Как литературное направление акмеизм просуществовал недолго – около двух лет. В феврале 1914 г. произошел его раскол. “Цех поэтов” был закрыт. Акмеисты успели издать десять номеров своего журнала “Гиперборей” (редактор М. Лозинский), а также несколько альманахов.

“Символизм угасал” – в этом Гумилев не ошибся, но сформировать течение столь же мощное, как русский символизм, ему не удалось. Акмеизм не сумел закрепиться в роли ведущего поэтического направления. Причиной столь быстрого его угасания называют, в том числе, “идеологическую неприспособленность направления к условиям круто изменившейся действительности”.[66] В. Брюсов отмечал, что “для акмеистов характерен разрыв практики и теории”, причем “практика их была чисто символистской”.[67] Именно в этом он видел кризис акмеизма. Впрочем, высказывания Брюсова об акмеизме всегда были резкими; сперва он заявил, что “…акмеизм – выдумка, прихоть, столичная причуда” и предвещал: “…всего вероятнее, через год или два не останется никакого акмеизма. Исчезнет самое имя его”,[68] а в 1922 г., в одной из своих статей он вообще отказывает ему в праве именоваться направлением, школой, полагая, что ничего серьезного и самобытного в акмеизме нет и что он находится “вне основного русла литературы”.[69]

Однако попытки возобновить деятельность объединения впоследствии предпринимались не раз. Второй “Цех поэтов”, основанный летом 1916 г., возглавил Г. Иванов вместе с Г. Адамовичем. Но и он просуществовал недолго. В 1920 г. появился третий “Цех поэтов”, который был последней попыткой Гумилева организационно сохранить акмеистическую линию. Под его крылом объединились поэты, причисляющие себя к школе акмеизма: С. Нельдихен,[70] Н. Оцуп, Н. Чуковский,[71] И. Одоевцева,[72] Н. Берберова,[73] Вс. Рождественский,[74] Н. Олейников,[75] Л. Липавский,[76] К. Вагинов,[77] В. Познер[78] и другие. Третий “Цех поэтов” просуществовал в Петрограде около трех лет (параллельно со студией “Звучащая раковина”) – вплоть до трагической гибели Н. Гумилева.

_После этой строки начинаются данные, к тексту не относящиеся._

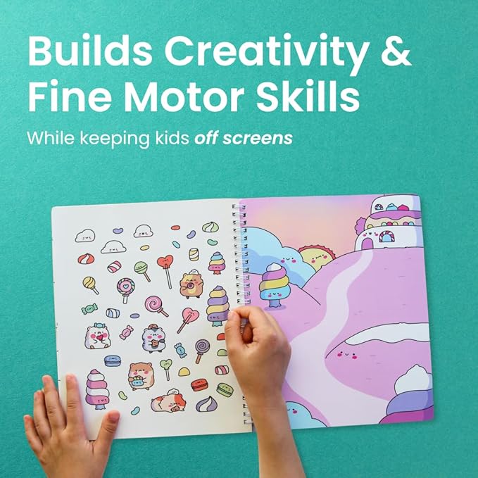 - Learn through play: Kids build fine motor skills, explore spatial awareness, and strengthen hand-eye coordination as they peel and stick stickers onto colorful scenes! Engaging in conversations about the sticker book characters will help imaginations run wild & encourage make-believe and pretend that can foster bonds between you and your child. Go ahead - play on!
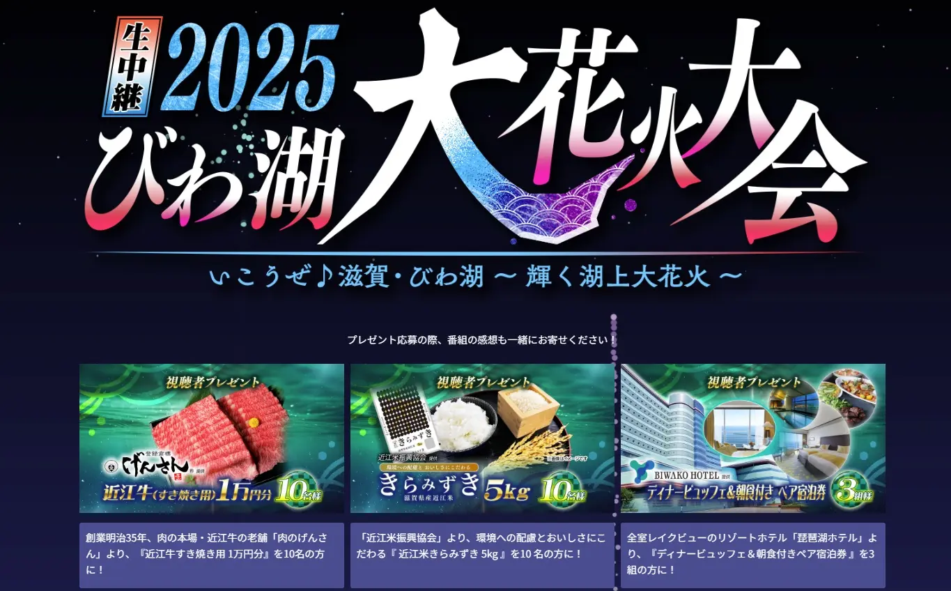 びわ湖放送、BS11、KBS京都で8月8日19時00分から放送の「びわ湖大花火大会2025」では視聴者プレゼントをやっています。
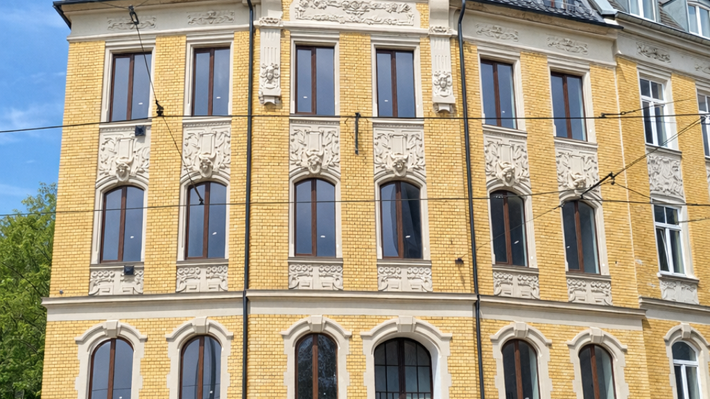 Die Erdgeschoss- und ersten Obergeschosswohnungen verfügen über Rundbogenöffnungen, die dem Gebäude eine einladende Atmosphäre verleihen, während das Hochparterre durch ein Gurtgesims hervorgehoben wird. Das erste Obergeschoss ist zusätzlich durch Jugendstile Schmuckbekrönungen der Fenster ornamental gestaltet, was dem Haus eine besondere Pracht verleiht.
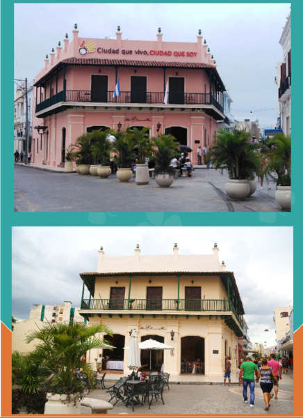 (上圖)旅館除了顏色不一樣之外,上面還多了一行標語--Ciudad que vivo, ciudad que soy我居住的城市,我所在的城市;這是卡馬圭市歷史學家辦公室(OHCC)領導的一場公益活動,目的是強調維護城市環境和文明的必要性!
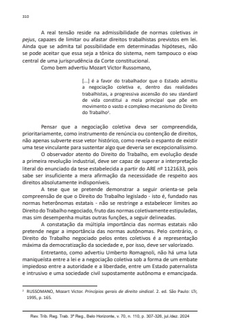 310Rev. Trib. Reg. Trab. 3ª Reg., Belo Horizonte, v. 70, n. 110, p. 307-326, jul./dez. 2024A real tensão reside na admissibilidade de normas coletivas in pejus, capazes de limitar ou afastar direitos trabalhistas previstos em lei. Ainda que se admita tal possibilidade em determinadas hipóteses, não se pode aceitar que essa seja a tônica do sistema, nem tampouco o eixo central de uma jurisprudência da Corte constitucional.Como bem advertiu Mozart Victor Russomano,[...] é a favor do trabalhador que o Estado admitiu a negociação coletiva e, dentro das realidades trabalhistas, a progressiva ascensão do seu standard de vida constitui a mola principal que põe em movimento o vasto e complexo mecanismo do Direito do Trabalho2.Pensar que a negociação coletiva deva ser compreendida, prioritariamente, como instrumento de renúncia ou contenção de direitos, não apenas subverte esse vetor histórico, como revela o espanto de existir uma tese vinculante para sustentar algo que deveria ser excepcionalíssimo.O observador atento do Direito do Trabalho, em evolução desde a primeira revolução industrial, deve ser capaz de superar a interpretação literal do enunciado da tese estabelecida a partir do ARE nº 1121633, pois sabe ser insuficiente a mera afirmação da necessidade de respeito aos direitos absolutamente indisponíveis.A tese que se pretende demonstrar a seguir orienta-se pela compreensão de que o Direito do Trabalho legislado - isto é, fundado nas normas heterônomas estatais - não se restringe a estabelecer limites ao Direito do Trabalho negociado, fruto das normas coletivamente estipuladas, mas sim desempenha muitas outras funções, a seguir delineadas.A constatação da múltipla importância das normas estatais não pretende negar a importância das normas autônomas. Pelo contrário, o Direito do Trabalho negociado pelos entes coletivos é a representação máxima da democratização da sociedade e, por isso, deve ser valorizado.Entretanto, como advertiu Umberto Romagnoli, não há uma luta maniqueísta entre a lei e a negociação coletiva sob a forma de um embate impiedoso entre a autoridade e a liberdade, entre um Estado paternalista e intrusivo e uma sociedade civil supostamente autônoma e emancipada. 2 RUSSOMANO, Mozart Victor. Princípios gerais de direito sindical. 2. ed. São Paulo: LTr, 1995, p. 165.
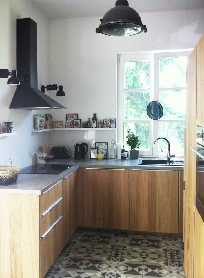 A verandáról az "Iván szobájából" kialakított konyhába érkezünk. A konyhabútort és a gépeket az Ikeában vásároltam. A betonszerű pultot a Betondekor (ITT) alakította ki nekem. Egy méretre vágatott, duplungolt natúr MDF lapot kent le mikrotoppal. A pult feletti falat, mint minden vizes helyiségben, egyszerű Zalakerámia Carneval 15x15-ös, magasfényű fehér csempével borítottuk, amelyeket keskeny polcokkal zártam le. Ezeket egyébként az Ikeában kapható, Ribba képtartó polcból vágtam ki. A mennyzetről az ArtKraft ipari lámpája lóg, a fali kihúzhatós lámpákat Argentínából hoztuk be.
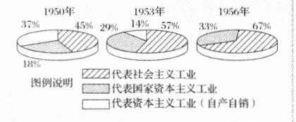 图片信息显示社会主义工业和国家资本主义工业所占比重迅速增加,资本主义工业所占比重逐渐缩小,直到最后消失。这是新中国对资本主义工业进行社会主义改造的结果。这标志着我国对生产资料私有制的社会主义改造取得决定性胜利,社会主义经济制度在我国基本建立起来。

Творческие судьбы поэтов, так или иначе связанных с акмеизмом, сложились по-разному: Н. Клюев впоследствии заявил о своей непричастности к деятельности содружества; Г. Иванов и Г. Адамович продолжили и развили многие принципы акмеизма в эмиграции; на В. Хлебникова акмеизм не оказал сколько-нибудь заметного влияния. В советское время поэтической манере акмеистов (преимущественно Н. Гумилева) подражали Н. Тихонов,[79] Э. Багрицкий, И. Сельвинский,[80] М. Светлов.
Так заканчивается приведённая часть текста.